Town and village centers, galleries, the South County Museum, wildlife sightings, and the Great Swamp, are among the other attributes that make the William C. O’Neill Bike Path special. But what makes it really great? The real treat is at the eastern end; the path currently ends in downtown Narragansett, but the beach is just a mile away. Be sure to bring some beach gear along, because you’ll want to jump in the ocean after a ride here on a hot summer day!
Quonset/Davisville Bike Path
Another awesome option for beach-going riders is the Quonset/Davisville Bike Path. This sub-four mile trail is entirely paved and brings riders to Calf Pasture Point Beach. While it starts out unexpectedly in a shopping area, bike riders will quickly be whisked away into calmer locales. The Quonset/Davisville Bike Path ventures through neighborhoods and beside back roads before entering Calf Pasture Point Beach. This pristine preserve is an ideal place to spend a weekend day.
The stunning Narragansett Bay beach offers a long and clean coastline. The views are not to be missed, with the Warwick Neck Lighthouse, islands, bridges, and even sunrise (if you arrive early enough!) all visible from the beach. There are also opportunities to hike, with several trails traversing Calf Pasture Point. If you like history, make a pitstop on your return trip at the Seabee Museum and Memorial Park, which aims to provide a memorial to, and share the stories of, the thousands of men and women who served at Davisville, Rhode Island from the 1940s through 1990s. Switch things up and bike to the beach this time – you won’t regret it!
Blackstone River Bikeway
Providence, Pawtucket, Lincoln, Cumberland, Woonsocket
Following the Blackstone River, this nearly 18.4 mile path can guide riders from Providence to the Rhode Island-Massachusetts border. However, the southern section includes some on-road riding, so stick with the northern 12 miles if you prefer to be on a car-free path. This section in particular is a great getaway, offering views that will make you want to pause to take them in. Along your ride, you’ll pass by waterfalls and marshes, over bridges, and past old mill structures.
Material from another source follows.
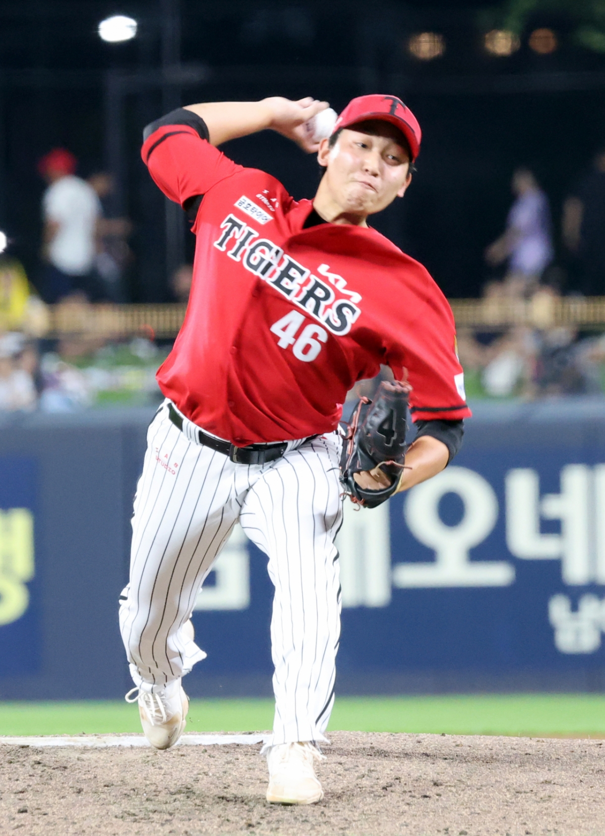 그리고 8월 20일, 광주에서 열린 키움 히어로즈와의 경기에서 김정엽은 드디어 1군 무대 데뷔전을 치르게 됩니다. 9회초에 등판한 그는 강한 구속과 안정적인 제구력을 바탕으로 세 타자를 모두 범타로 처리하며 깔끔하게 이닝을 마무리합니다. 1군 첫 등판에서 삼자범퇴로 데뷔전을 성공리에 마친 김정엽은 팬들에게 강한 인상을 남겼습니다.

This bike ride is an excellent choice for animal lovers old and young alike. In the wetland areas, you’ll have a chance to see Great Blue Heron, Cormorants, Osprey, and other birds, plus turtles, small mammals, and amphibians. Take a break at Blackstone River State Park (one of many great Rhode Island state parks) in Lincoln, where a visitor’s center offers interpretive information on the history and ecology of the region and facilities are available. If you want to continue north, you can extend your ride by traveling an additional six miles into Massachusetts.
East Bay Bike Path
Providence, East Providence, Barrington Warren, Bristol
If you find yourself in Rhode Island’s capital city, Providence, or one of its southern neighbors, don’t miss a chance to ride on the East Bay Bike Path. It’s easily one of the best bike rides in Rhode Island. At 14.5 miles long, this trail winds through five communities and puts Rhode Island’s natural beauty on display. With views of the Providence River, Seekonk River, and Narragansett Bay along the trip, it’s a ride that will lift your spirits and energize you. A few very brief on-road sections connect riders to the path, but the vast majority of the trail is off-road. Start out at India Point Park in Providence and head south.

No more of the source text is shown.